# [WHAT THIS TASK INVOLVES]
The lines to copy run from the one containing "实操练兵环节,专家团队现场分" to the very end of the records; give them exactly, and only them, without pictures.

# [GIVEN INFORMATION]

==============================

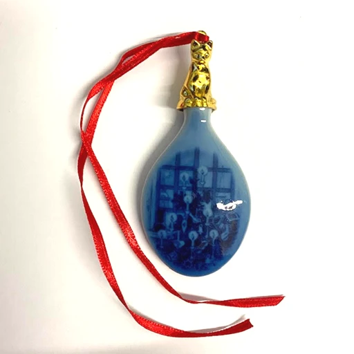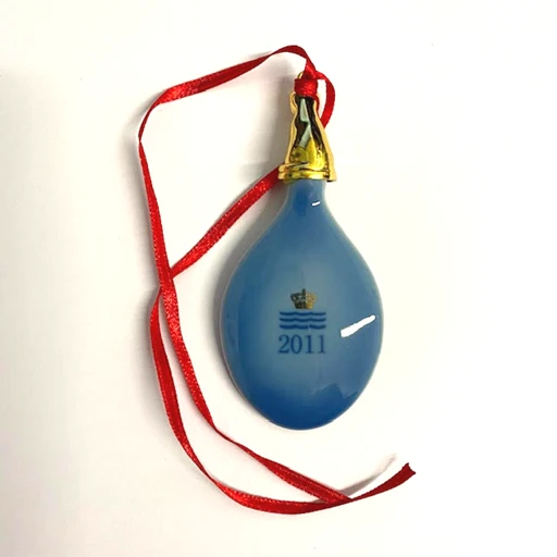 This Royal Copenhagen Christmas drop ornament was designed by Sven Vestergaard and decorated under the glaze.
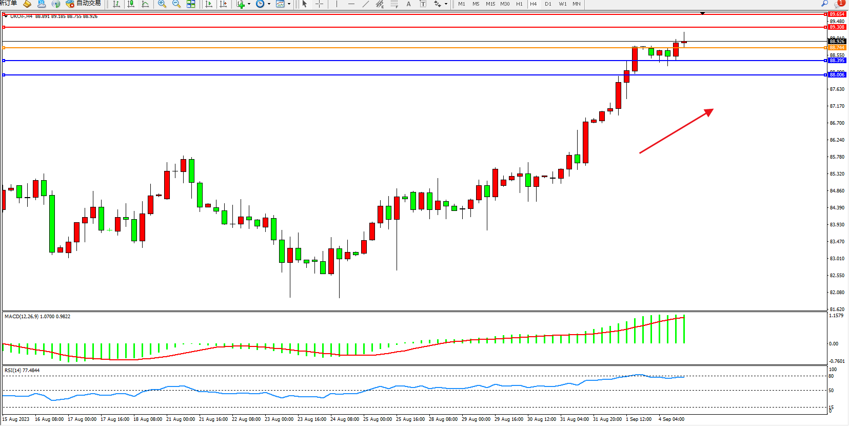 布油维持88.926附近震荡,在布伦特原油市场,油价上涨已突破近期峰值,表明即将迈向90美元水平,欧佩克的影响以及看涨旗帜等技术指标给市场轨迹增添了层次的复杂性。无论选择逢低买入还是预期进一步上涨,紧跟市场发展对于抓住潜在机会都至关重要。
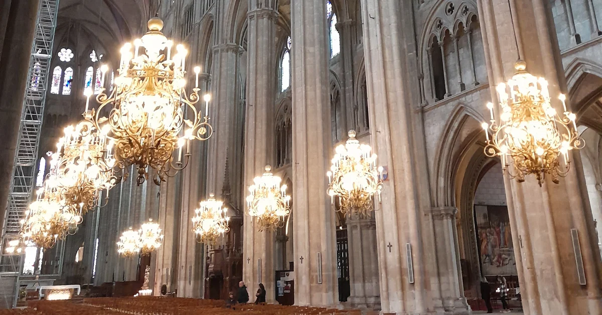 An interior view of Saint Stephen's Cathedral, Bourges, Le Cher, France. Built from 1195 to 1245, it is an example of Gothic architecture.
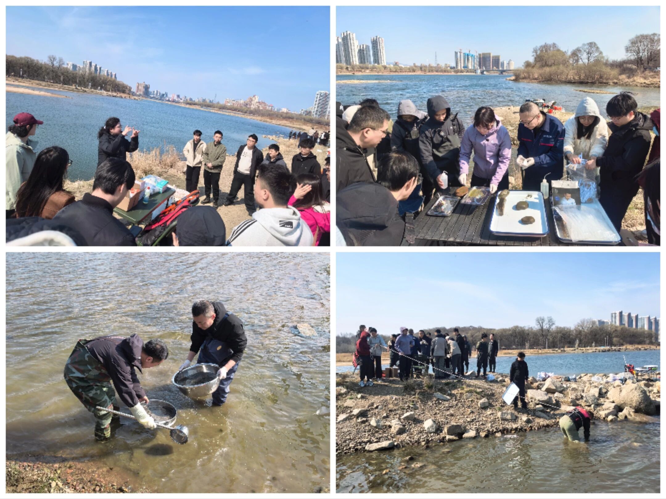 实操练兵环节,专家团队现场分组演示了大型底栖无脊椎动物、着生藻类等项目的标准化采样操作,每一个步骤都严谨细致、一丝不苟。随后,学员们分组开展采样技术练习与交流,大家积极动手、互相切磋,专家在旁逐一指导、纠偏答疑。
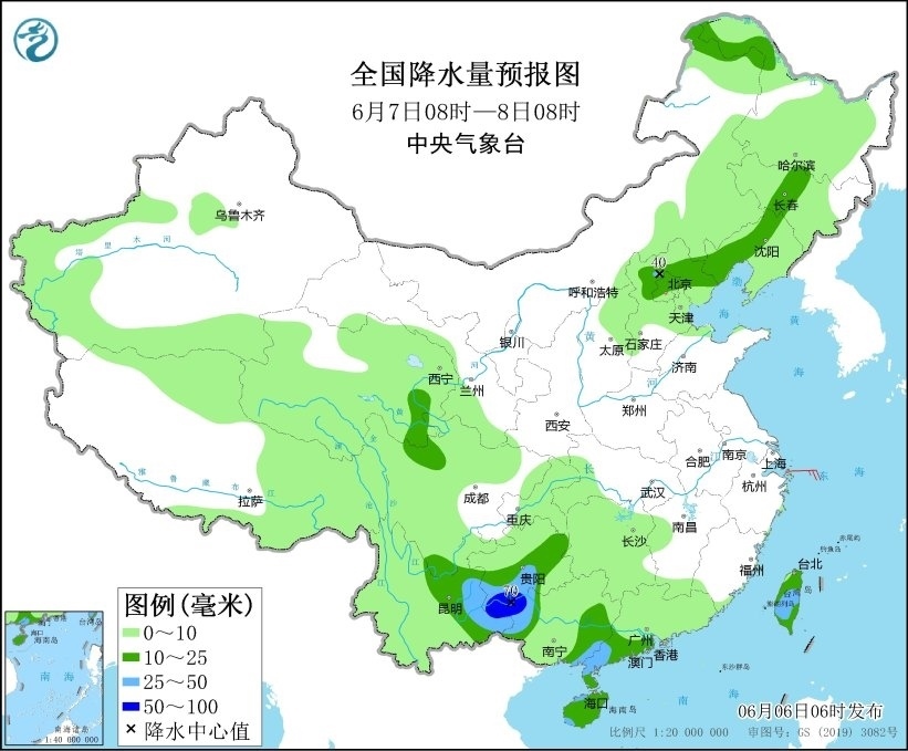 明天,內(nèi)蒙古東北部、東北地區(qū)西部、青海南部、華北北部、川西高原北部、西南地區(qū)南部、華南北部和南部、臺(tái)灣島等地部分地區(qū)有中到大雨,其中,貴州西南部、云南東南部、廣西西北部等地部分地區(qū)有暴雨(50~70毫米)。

==============================

# [RESPONSE AREA]
 实操练兵环节,专家团队现场分组演示了大型底栖无脊椎动物、着生藻类等项目的标准化采样操作,每一个步骤都严谨细致、一丝不苟。随后,学员们分组开展采样技术练习与交流,大家积极动手、互相切磋,专家在旁逐一指导、纠偏答疑。
 明天,內(nèi)蒙古東北部、東北地區(qū)西部、青海南部、華北北部、川西高原北部、西南地區(qū)南部、華南北部和南部、臺(tái)灣島等地部分地區(qū)有中到大雨,其中,貴州西南部、云南東南部、廣西西北部等地部分地區(qū)有暴雨(50~70毫米)。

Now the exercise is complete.